Date(?) with the Journalist on Saturday.
It's weird that I'm still not exactly sure if it was a date. On the one hand, it had many signs of a date--spending time together outside of work, on a Saturday, going to a museum and playfully chatting about all the contents therein, etc. It's actually a fantastic idea for a date--you get to see cool stuff, you never really run out of things to talk about because you can just keep talking about the stuff you see, and you can really get to know someone by what they share with you and what they think about the stuff.
On the other hand, he ended our day together with a hug.
Hmm.
All in all, I had a good time. He is very easy to talk to, and very intelligent. One of the exhibits we toured was of Spanish-American home art, and I giggled when he translated the Spanish for me (my Spanish may be a little rusty now, but I did minor in it--shh don't tell him just yet), but I still let him do it. I think it gave him a little boost. The chemistry is somewhat a question mark right now. I admit I was a little curious about what it would be like to kiss him, and I wondered if we ended up in a quiet corner of the museum if he might go for the opportunity (he didn't). But I wasn't thinking about kissing him the entire date (don't judge, but sometimes that is the case on dates).

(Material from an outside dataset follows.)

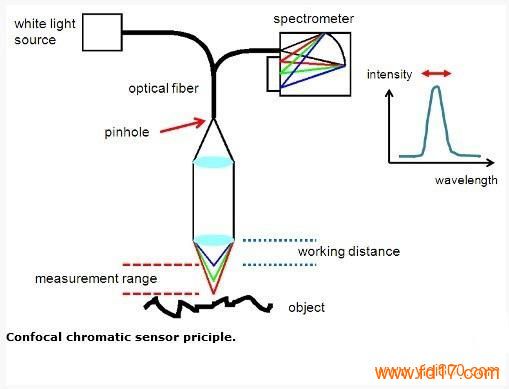 传感器操作根据共焦色传感器原理: 为有一个好的映射能力,白光点光源使用透镜系统聚焦在样品,但一个强大的线性彩色误差(多色差透镜系统)。每种颜色有不同的焦距。从样品的反射光通过一个针孔聚焦到光谱仪。因为只有一个特定的颜色是聚焦在样品表面,因此只有这种光可以通过共焦针孔。因此检测波长就可得到表面形貌。

In my experience, that curiosity is enough, and can definitely grow to much more once a relationship develops. But it was a little tricky to see things in a romantic light when the entire date was so G-rated. I would like to go out with him again and see if there is any romance there. It just isn't coming naturally--maybe because we've had so many work lunches?
I can be a bit of a slow mover sometimes, but I think I have met my match on that note with this guy. A part of me likes to take this slow, because I'm not sure I'm actually ready to dive into a relationship after one date (and is anyone ever? maybe this is more natural pace--a relationship is, after all, more than lust). But another part of me wants to at least know in the smallest way if there's any romantic potential here before I invest too much time.